§ WHAT IS REQUIRED
Beginning with the line that contains "lenyűgöző fényjátékká varázsol.", print each line to the end of the data exactly. Omit the pictures.

Content starts

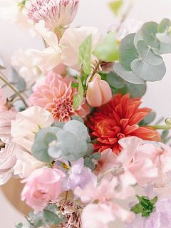 ダリアを主役に、ラナンキュラス、チューリップ、スイートピーなど春のお花を合わせたスパイラルブーケです🌸
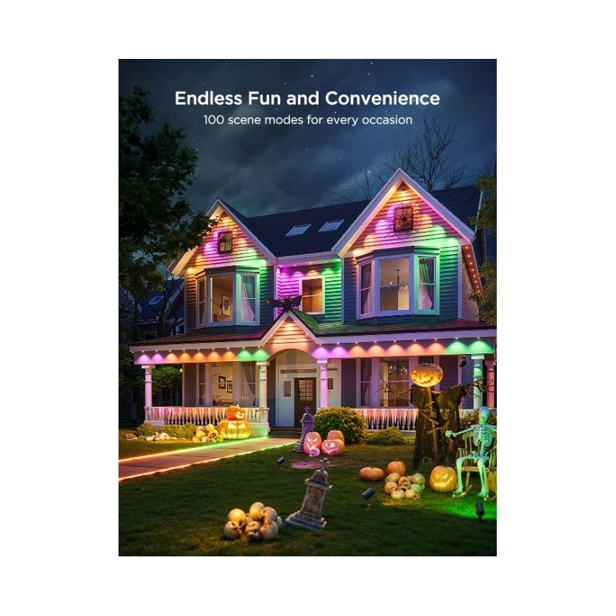 • A Govee állandó kültéri világítás megbízható és stílusos megoldás, amely bármilyen külső teret lenyűgöző fényjátékká varázsol.
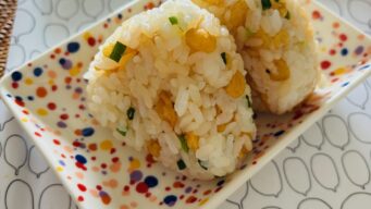 カルディのあげ玉 柚子こしょう味でたぬきおにぎり
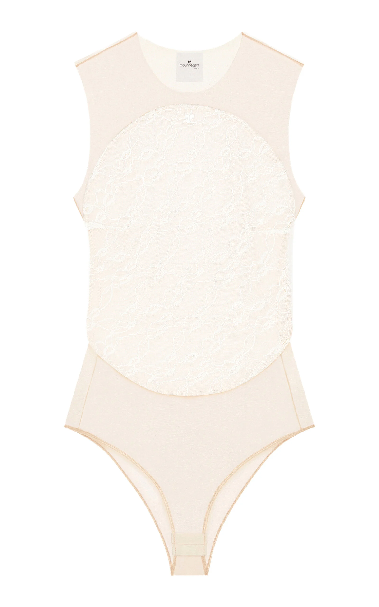 After 12 years alongside Nicolas Ghesquiere and a brief stint at Dior with Raf Simons, Courreges artistic director Nicolas Di Felice has brought the renowned French fashion house back to life. This sleeveless bodysuit is cut from stretch mesh with a sheer lace panel that creates a soft circular contrast through the front. It’s form-fitting with snap closures at the base. Style it with low-rise trousers or layered under a tailored blazer. PRODUCT DETAILS - Pre-Fall '25 - Snap fastenings at base - Composition: 90% polyamide/nylon 10% elastane - Dry clean - Made in France
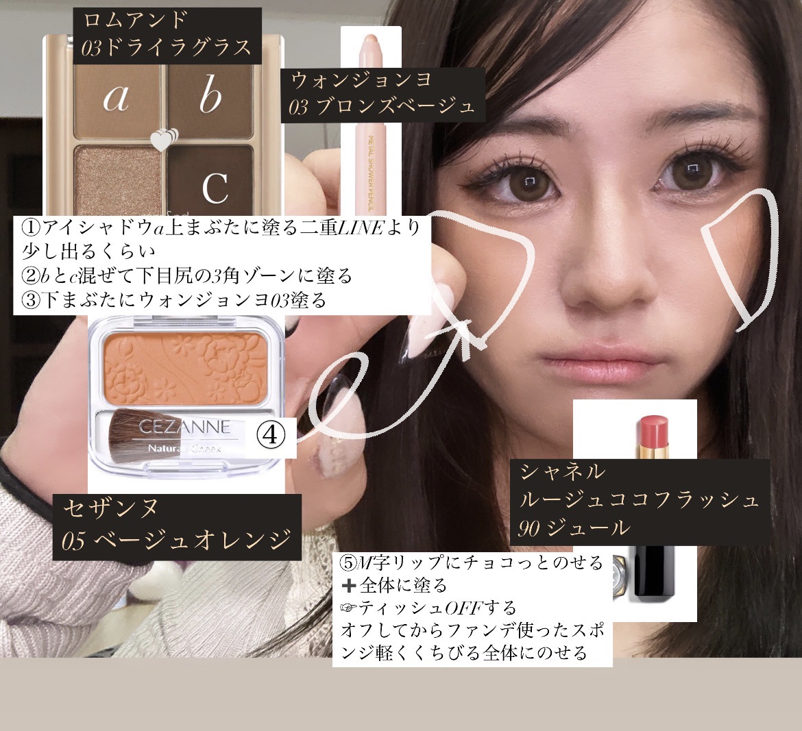 肌色は健康な肌色 リップはファンデを塗ってから軽く塗ってティッシュオフしてファンデまた付けることで薄めに❕ チークはオレンジ🧡🍊シェーディングのような役割にもなってます

Content ends

§ RESULT
 • A Govee állandó kültéri világítás megbízható és stílusos megoldás, amely bármilyen külső teret lenyűgöző fényjátékká varázsol.
 カルディのあげ玉 柚子こしょう味でたぬきおにぎり
 After 12 years alongside Nicolas Ghesquiere and a brief stint at Dior with Raf Simons, Courreges artistic director Nicolas Di Felice has brought the renowned French fashion house back to life. This sleeveless bodysuit is cut from stretch mesh with a sheer lace panel that creates a soft circular contrast through the front. It’s form-fitting with snap closures at the base. Style it with low-rise trousers or layered under a tailored blazer. PRODUCT DETAILS - Pre-Fall '25 - Snap fastenings at base - Composition: 90% polyamide/nylon 10% elastane - Dry clean - Made in France
 肌色は健康な肌色 リップはファンデを塗ってから軽く塗ってティッシュオフしてファンデまた付けることで薄めに❕ チークはオレンジ🧡🍊シェーディングのような役割にもなってます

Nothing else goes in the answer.